- IATA: none; ICAO: LIRM;

Summary
- Airport type: Military
- Operator: Italy
- Serves: Caserta, Italy
- Elevation AMSL: 30 ft / 9 m
- Coordinates: 41°03′39″N 014°4′55″E﻿ / ﻿41.06083°N 14.08194°E
- Interactive map of Grazzanise Air Base

Runways
| Direction | Length |  | Surface |
| m | ft |
| 06R/24L | 2,991 | 9,813 | Asphalt |
- Source: DAFIF

= Grazzanise Air Base =

Grazzanise Air Base (also known as "Carlo Romagnoli Airport") (ICAO: LIRM) is an Italian Air Force air base 2 km south of Grazzanise, in the Province of Caserta in the region of Campania, located about 20 km west of Caserta (the airport for this city), and 30 km northwest of Naples, Italy.
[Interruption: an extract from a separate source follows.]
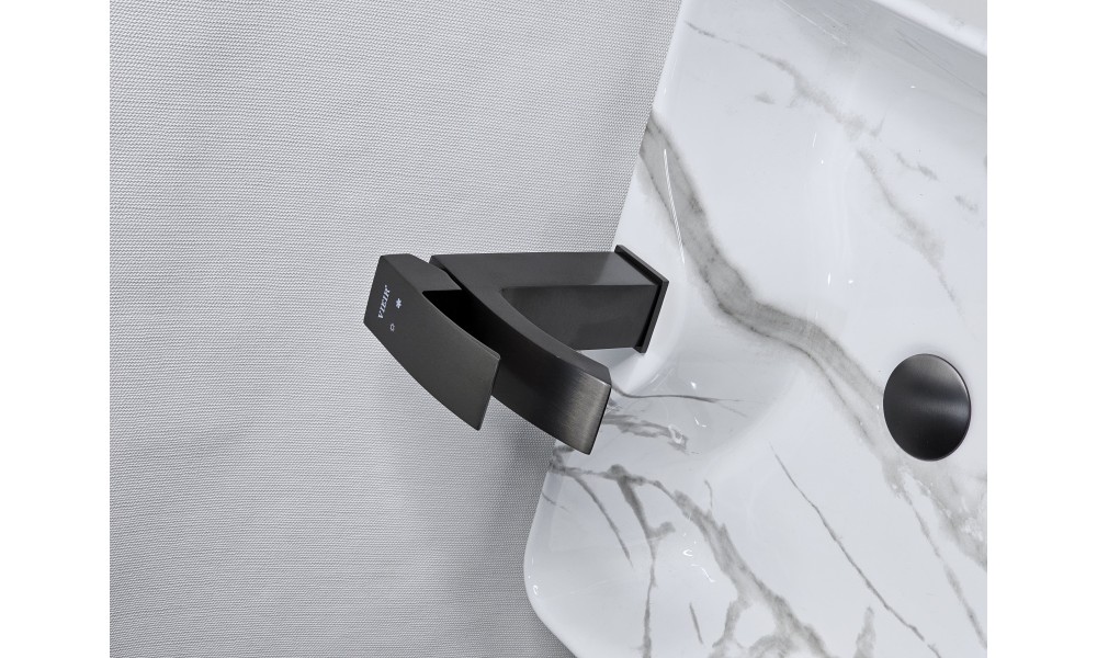 Смеситель для умывальника ViEiR V433511-G, с каскадным изливом, в цвете: Оружейная сталь / Графит
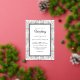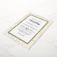 El diseño presenta un elegante borde de viña frondosa con lámina de oro sobre un fondo blanco. El diseño combina una elegante letra script y texto serif.

It has two, parallel runways (06/24) with the main, asphalt runway being 06R/24L, 2991 m x 30 m, at elevation 9 m. The parallel concrete runway is for limited helicopter operations, as it has no taxiway connection to the rest of the base. There is a dispersal and hangar area on the eastern end for nine aircraft, with larger maintenance hangars and parking areas at each end.

Navigation aids sited at the field are TACAN and NDB.

==Units==
The main base complex is about 0.5 km north-west of the airfield. It is the base for:
- 9º Stormo Francesco Baracca (Italian entry) (9th Combat Search and Rescue Wing), part of Support and Special Forces Command
- 2nd NATO Signal Squadron (a component of the NATO Communications and Information Agency, supporting the Allied Joint Force Command Naples)

===Previous use===
The air base was formerly the site of operations for squadrons equipped with the North American F-86 Sabre, Fiat G.91 and Lockheed F-104 Starfighter. An F-86 and an F-104 are mounted on a pole within the 2nd NATO Signal Squadron compound north of the air base.